MIT Doctoral researcher Sara Jahanmir then offered a novel take on user innovation, focusing specifically on lag users who are slow to adopt new technology. The study dispelled some common assumptions – that lag users have low financial status and are poorly educated, for example – and revealed that they can offer firms novel innovation methods due to not being influenced by prior user knowledge.
The huge variety of sectors within which user innovation can be harnessed was evident in the afternoon’s presentations, with Seppo Leminem, Laurea University of Applied Sciences, Finland, focusing on Living Labs – real life environments ranging from classrooms, to buildings, to entire cities or countries. These Living Labs provide an open innovation network with collaboration from multiple stakeholders striving for creation, prototyping and testing of new technologies.
The research of Fatima Senghore, George Washington University, examined the user innovation created through NASA’s International Space Apps Challenge.
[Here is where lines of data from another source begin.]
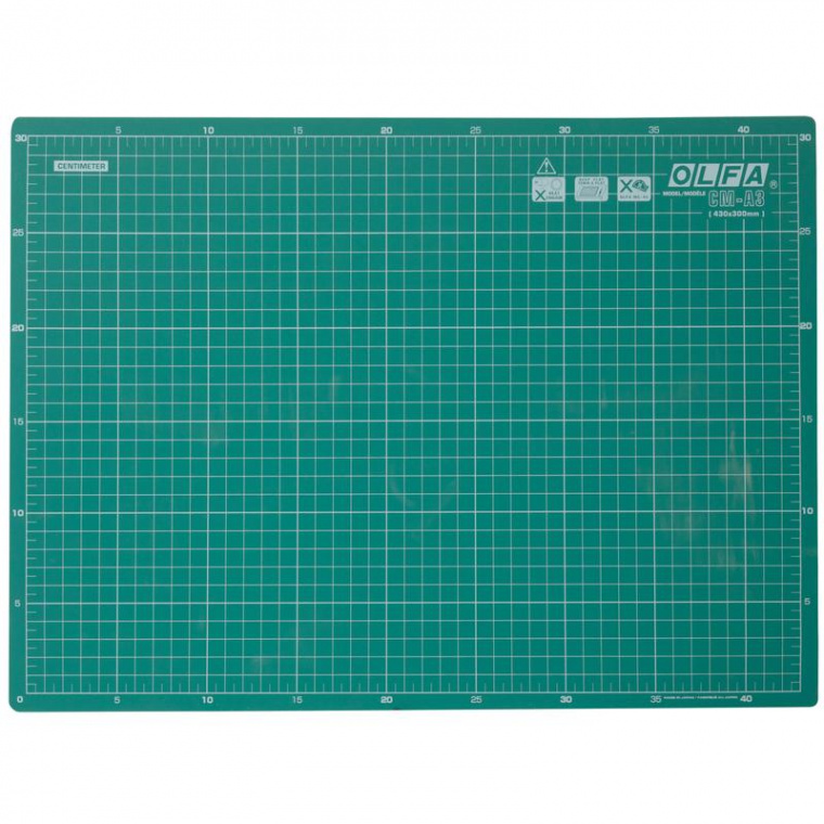 OLFA OL-CM-A3 это двусторонний самовосстанавливающийся коврик применимый в работе с ножами OLFA стандартными, высокопрочными, специальными (кроме некоторым моделей) и вращающимися.
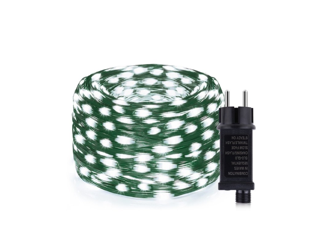 Vonkajší vianočný mikro reťaz so studeným bielym svetlom prináša vianočnú mágiu. S dĺžkou 200 metrov a 5metrovým zeleným káblom, obsahuje 2000 LED diód. Ponúka 8 programov osvetlenia, vrátane časovača so 6h zapnutím a 18h vypnutím. Funkcia pamäte udržuje vaše preferované nastavenie. Ideálne pre vytvorenie krásnej vianočnej atmosféry vo vašej záhrade.
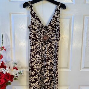 BROWN AND CREAM SLEEVELESS DRESS w BEADED CENTER by Enfocus
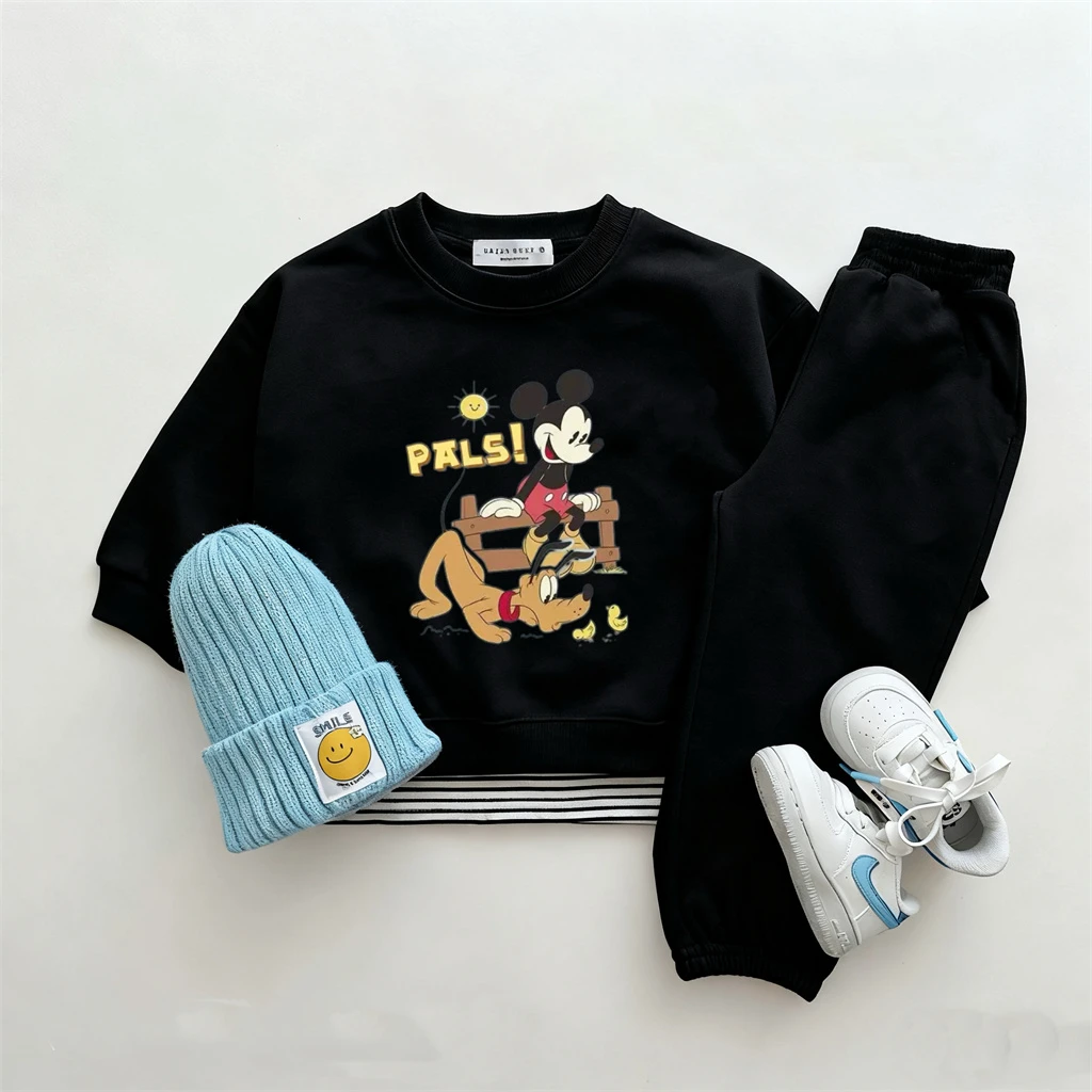 Full Printed Disney Cartoon Girl Boy Tracksuits Autumn Clothing Loose Fashion Kids Sweatshirt Set Toddler Costume Hoodie + Pants
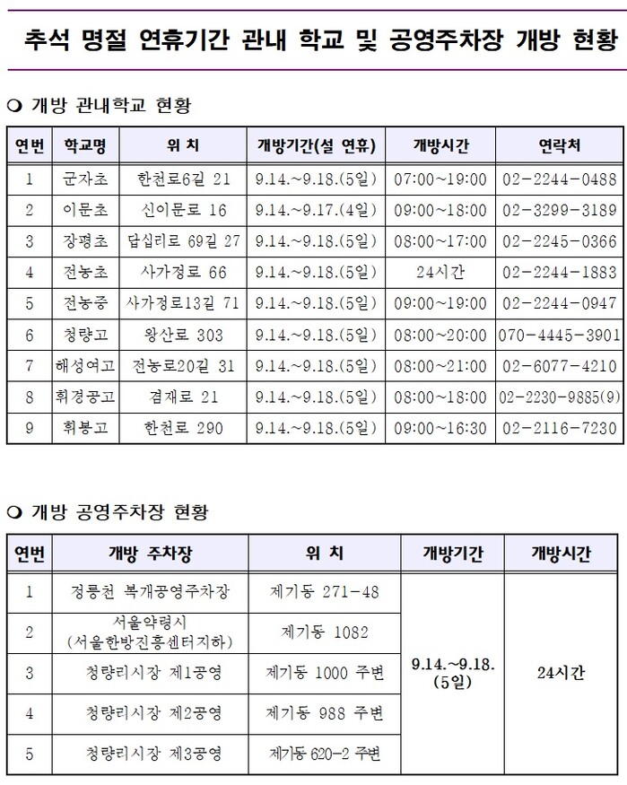 추석 연휴동안 무료 개방하는 학교 주차장은 군자초등학교를 포함한 초·중·고등학교 9곳으로, 공영주차장은 정릉천 복개공영주차장 등 5곳이다. 개방시간은 장소별로 상이하므로 반드시 확인 후 이용해야 한다.
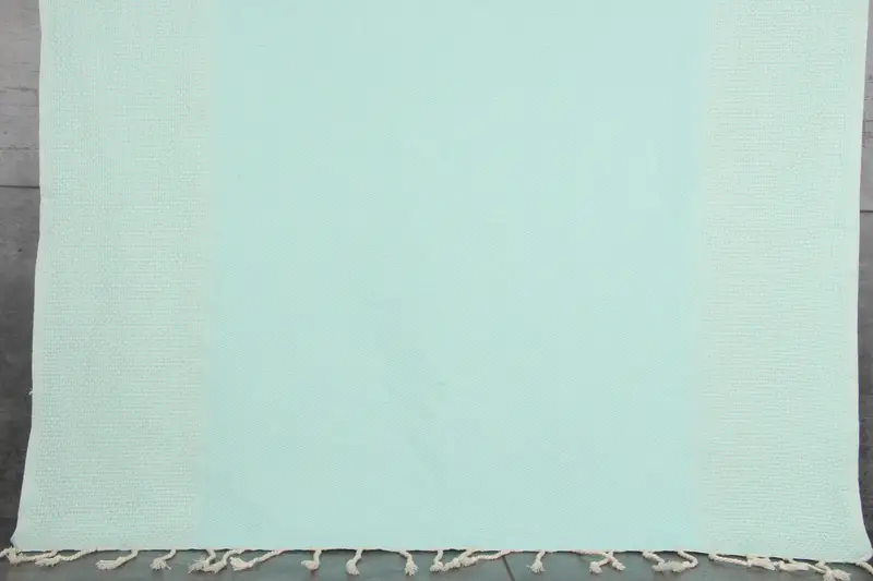 Ensuring high absorbency, the Turkish towels are crafted from 100% organic Turkish cotton, naturally dyed to retain their colors. Resulting in a product weight of 380 grams, these towels measure 38x63 inches or 95x160 centimeters. Tolerance in hand-weaving is maintained between 1-2.5 centimeters.
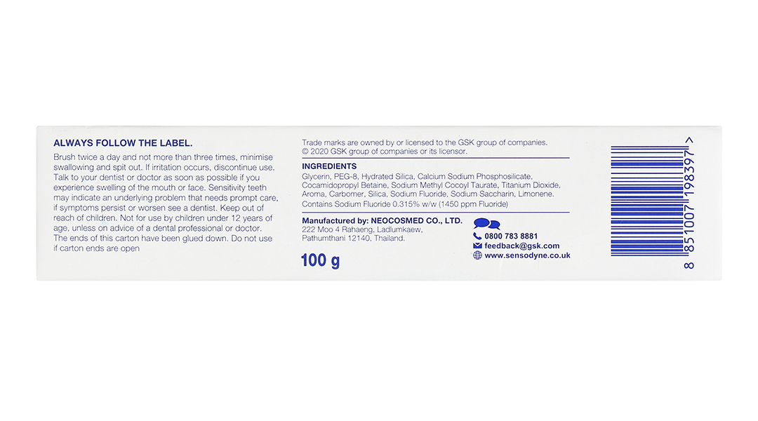 Glycerin, PEG-8, Hydrated Silica, Calcium Sodium Phosphosilicate, Cocamidopropyl Betaine, Sodium Methyl Cocoyl Taurate, Titanium Dioxide, Aroma, Carbomer, Silica, Sodium Fluoride, Sodium Saccharin, Limonene. Contains Sodium Fluoride 0.315% w/w (1450 ppm Fluoride).
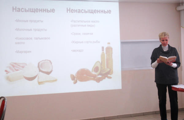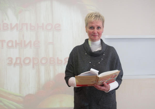 Е. И. Маршева рассказала о культуре питания и о влиянии пищевых привычек на здоровье, зачитали советы известных диетологов о пользе овощей и фруктов.
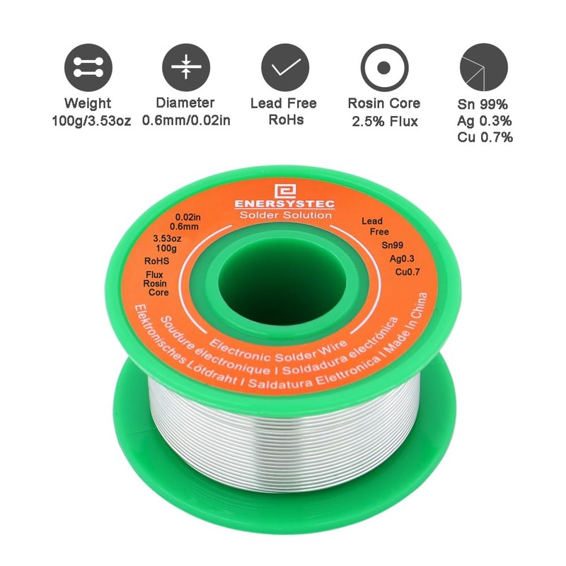 E ENERSYSTEC Thin Solder Wire 0.6mm Lead Free Electronic Solder Wire Rosin Core Sn99 Ag0.3 Cu0.7 Alloy Solder Wire Activated Electrical Soldering 100g 3.53oz Fine Diameter 0.02in Gauge No Lead
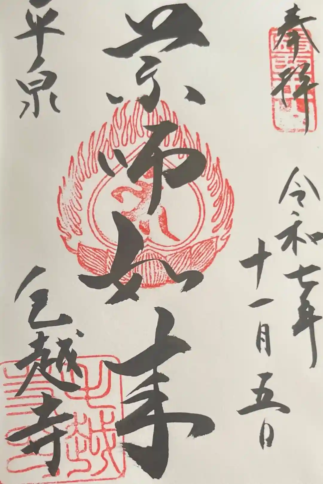 真ん中に薬師如来と書かれ、右上に醫王山(いおうざん)の印、真ん中に蓮華座に梵字(薬師如来)の火炎宝珠印、左に「平泉 毛越寺」の文字、左下に毛越寺印が押されています。

The competition is an annual hackathon held in locations across the globe where teams of technologists, scientists, designers, artists, educators, entrepreneurs, developers and students collaborate and engage with publicly available data to design innovative solutions for global challenges.
Meanwhile European Business School researcher Christian Landau discussed the concept of winners, losers, and non-participants in crowd innovation contests, and looked at the roles of motivation, creativity, and skills in this process.
Finally, Beedie PhD student Karen Robson presented her paper, which though not in the special issue of the journal, was still appropriate for the conference, given that it examined how to absorb innovations form different types of creative consumers. The research develops a typology of creative consumers and categorizes them into theoretically useful types.
It found that a one size fits all approach does not work for firms when it comes to absorbing consumer creative knowledge. It concludes that firms must consider what type of creative consumer they are dealing with, and may also have to prioritize their focus on learning from only one type of consumer.